Заболевание может проявиться в разном возрасте, но чаще всего клинические симптомы возникают у детей до 5 лет и примерно в 10% случаев - на первом году жизни ( неонатальная оксалурия ). Первые симптомы связаны с образованием камней в почках и нефрокальцинозом . Почечная колика или бессимптомная гематурия постепенно нарушает функцию почек, что приводит к задержке роста и уремии . Без лечения большинство больных не доживают до 20 лет, погибая от ХПН . В редких случаях развивается острый артрит , который можно принять за подагру , поскольку при гипероксалурии типа I одновременно возрастает содержание и мочевой кислоты. Описаны и поздние формы заболевания, проявляющиеся в зрелом возрасте.
Самый важный лабораторный признак этой патологии - резко повышенная экскреция оксалатов с мочой (в норме 10-50 мг/сут). Наличие в осадке мочи кристаллов оксалатов мало помогает диагностике, поскольку такие кристаллы часто обнаруживаются и у здоровых лиц. Экскреция гликолевой и глиоксиловой кислот с мочой повышена. Диагноз можно подтвердить путем определения активное? фермента в биоптатах печени.
Медикаментозное лечение чаще всего оказывается безуспешным. В ряде случаев уровень оксалатов в моче снижается после введения больших доз пиридоксина . Пересадка почки при ХПН не улучшает прогноз, поскольку и в пересаженной почке развивается оксалоз. Одновременная пересадка печени и почки значительно снижала содержание оксалатов в плазме и моче. Такая пересадка может быть наиболее эффективным методом лечения гипероксалурии типа I.
Тонкоигольная биопсия печени с определением активности аланинглиоксилатаминотрансферазы или анализ ДНК в биоптатах ворсин хориона позволяет устанавливать диагноз пренатально.

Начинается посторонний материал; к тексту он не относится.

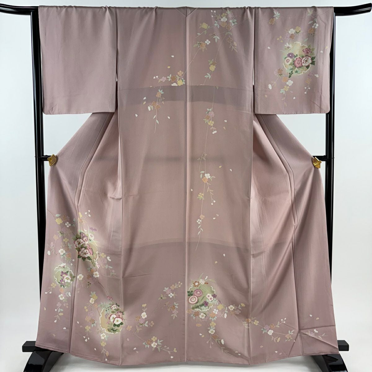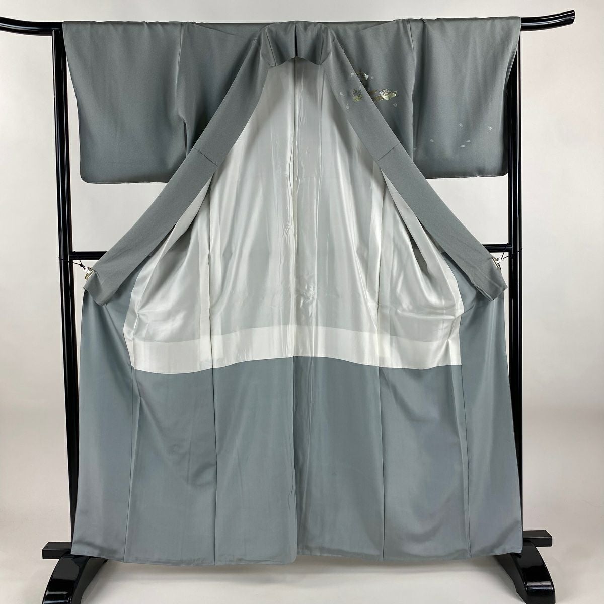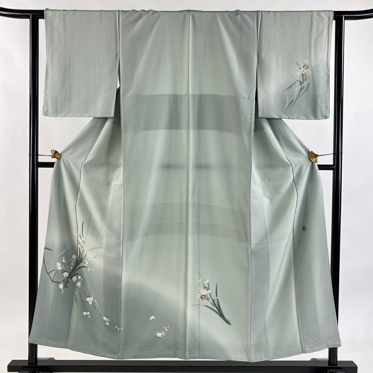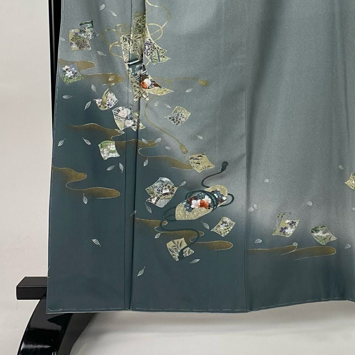 【在庫一掃】 訪問着 身丈168cm 裄丈65.5cm M 袷 扇 枝花 金彩 染め分け 灰緑 正絹 秀品
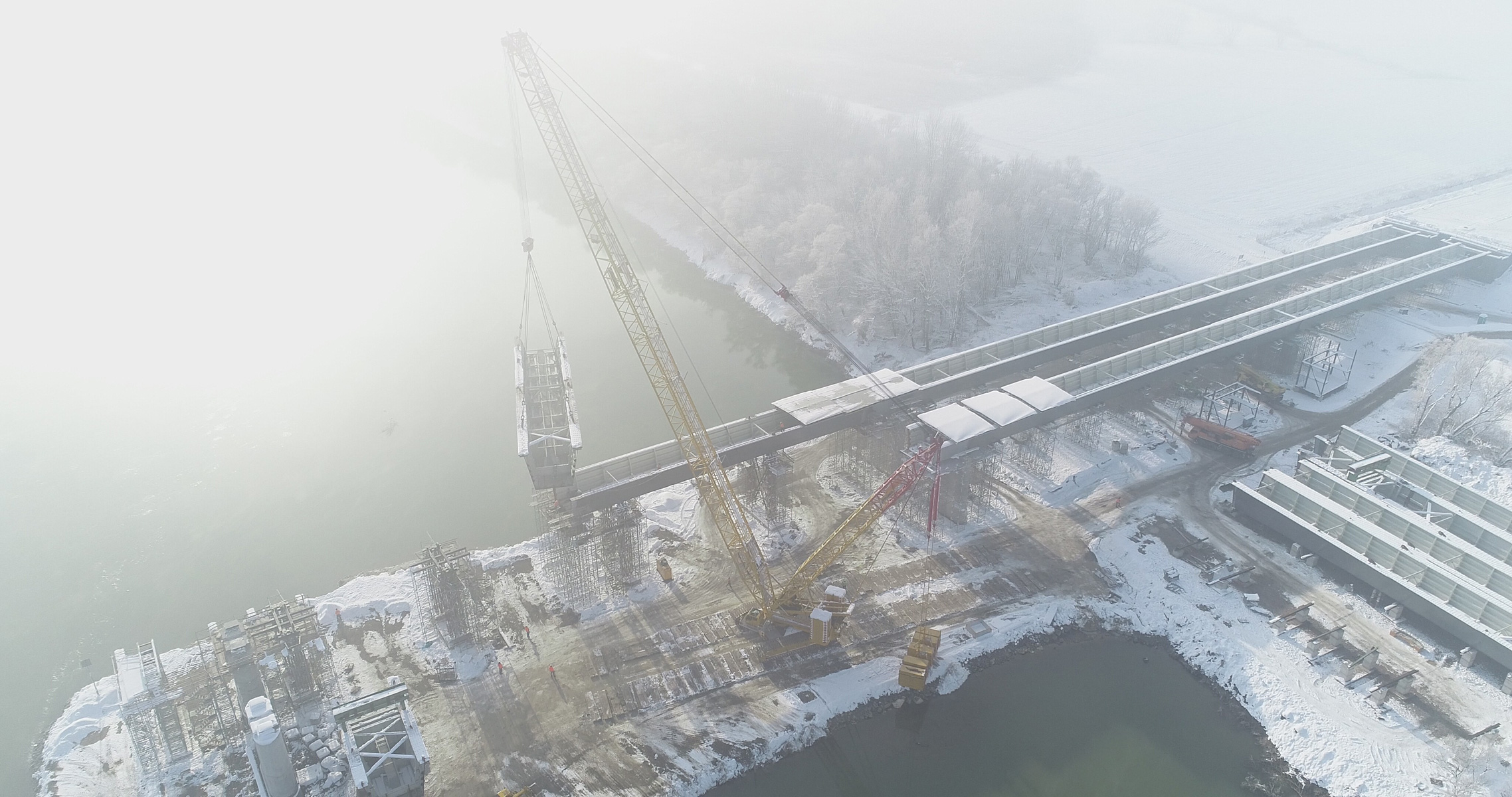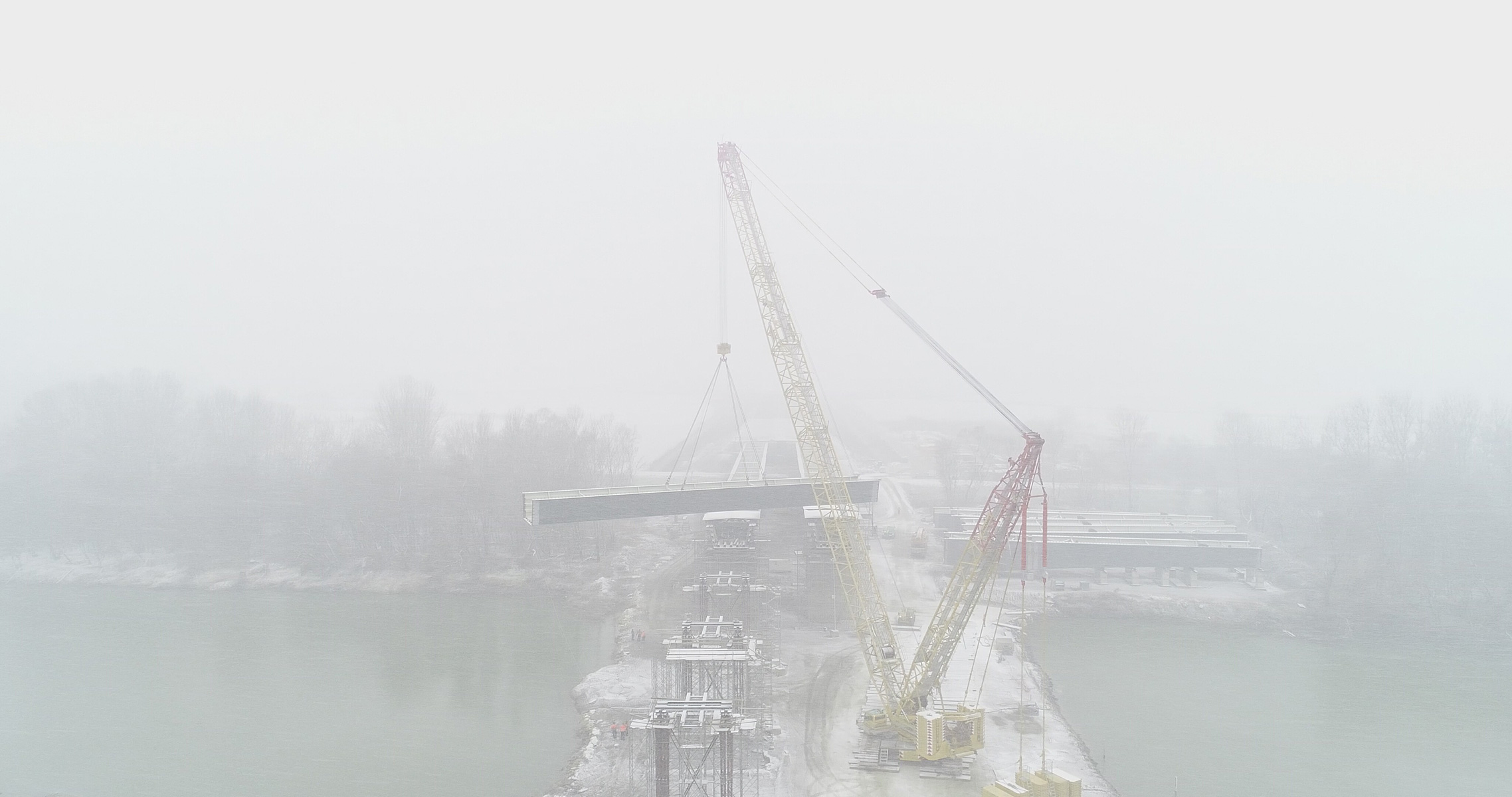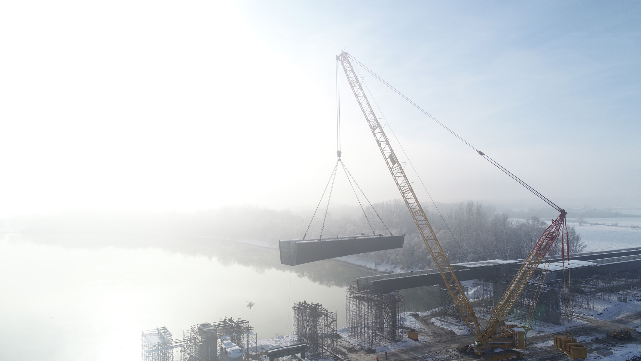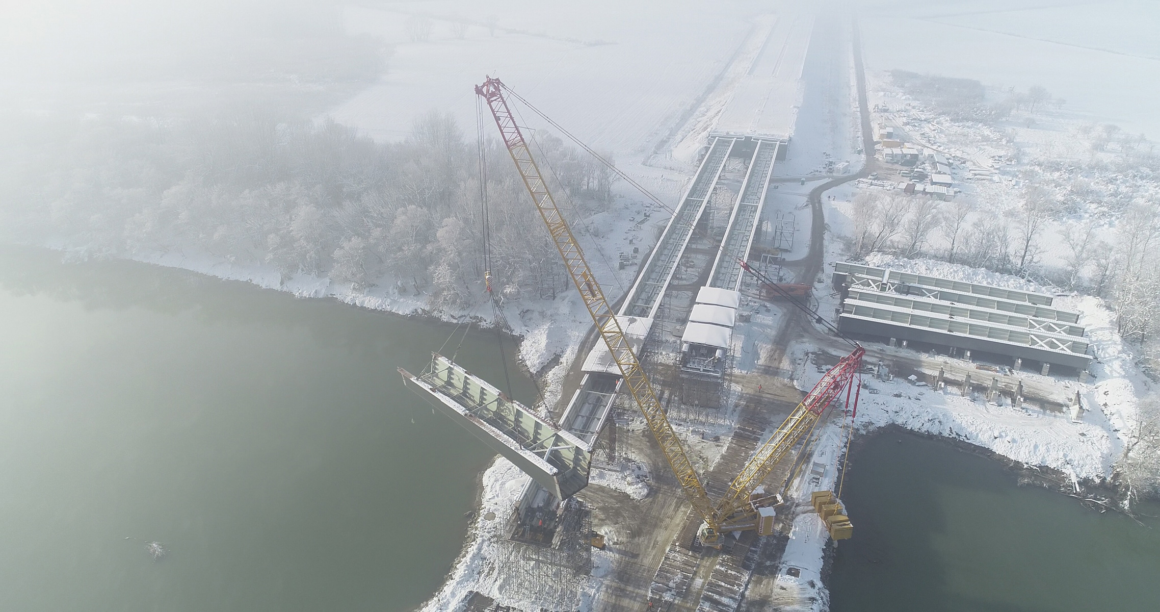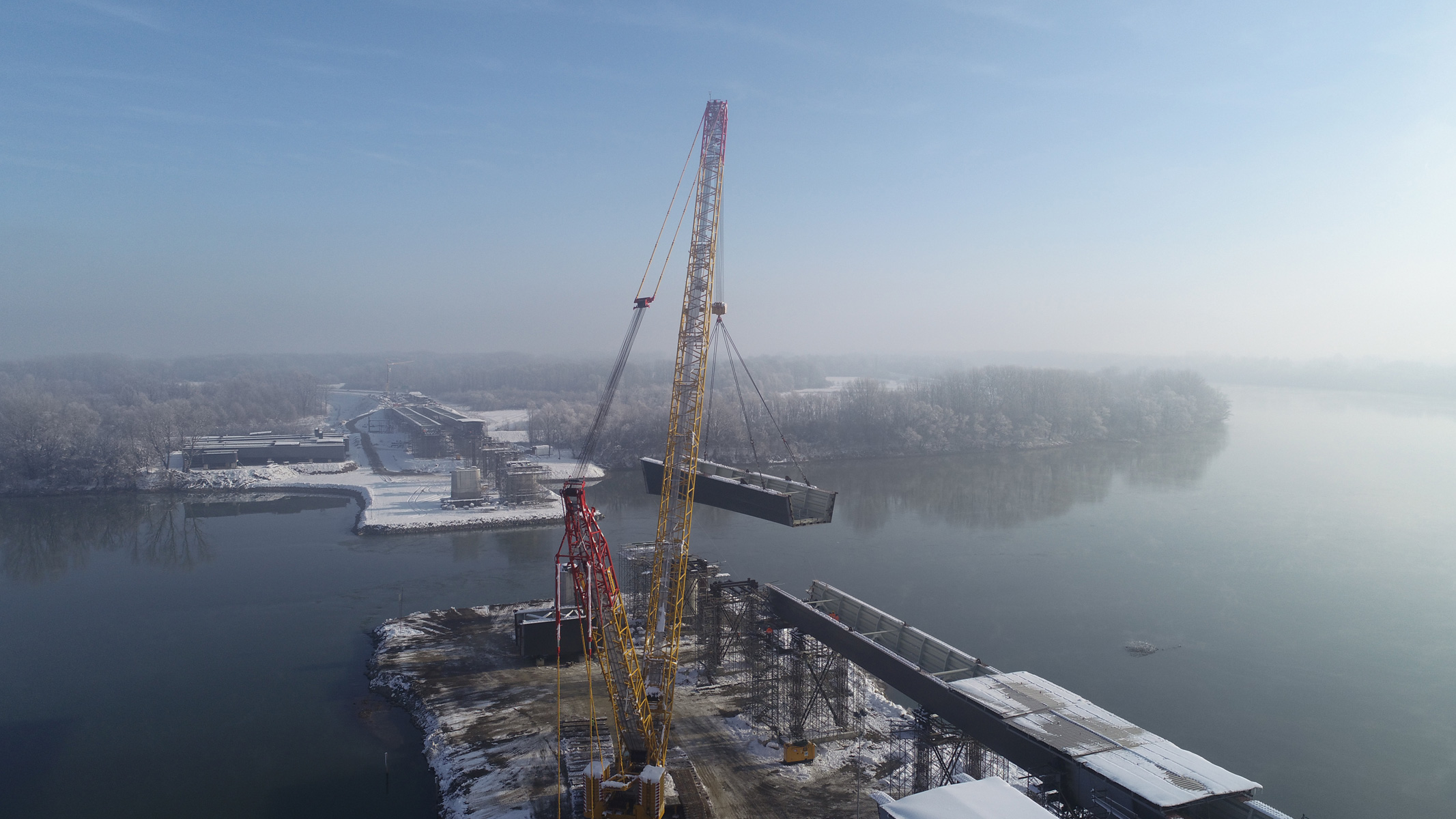 Die neue Brücke über die Sava ist die Kontaktstelle zwischen dem Autobahnnetz Kroatiens und jenem von Bosnien-Herzegowina. Am Ende wird es für jede Richtung drei Fahrspuren und je einen Schutzstreifen sowie einen Fußweg geben. Um dies zu verwirklichen, kam ein 650 Tonnen Raupenkran von Prangl zum Einsatz. Mit 50 LKWs wurden alle Krankomponenten zur Baustelle gebracht – eine logistische Meisterleistung. Im voll aufgebauten Zustand erreichte der Großkran (ohne Last) ein Gesamtgewicht von ca. 900 Tonnen.

Первичная гипероксалурия типа II ( L-глицериновая ацидурия ). Эта редкая патология обусловлена недостаточностью ферментного комплекса D-глицератдегидрогеназы/глиоксалатредуктазы ( рис. 133.8 ), что приводит к накоплению двух промежуточных продуктов - гидроксипирувата (кетокислотное производное серина) и глиоксиловой кислоты . Оба этих соединения под действием ЛДГ превращаются соответственно в L-глицериновую кислоту и щавелевую кислоту . Повышенный риск данной патологии характерен для индейцев племени Оджибва из Манитобы.
Клинические признаки гипероксалурии типа II и I одинаковы. Почечнокаменная болезнь , проявляющаяся почечной коликой и гематурией , развивается у детей до 2 лет. Однако ХПН у таких больных не наблюдалась. В моче помимо высокого уровня оксалатов содержится большое количество L-глицериновой кислоты (которая в норме отсутствует). Экскреция гликолевой и глиоксиловой кислот не повышена. Присутствие L-глицериновой кислоты в моче без повышения экскреции гликолевой и глиоксиловой кислот отличает это состояние от гипероксалурии типа I.
Эффективные методы лечения неизвестны.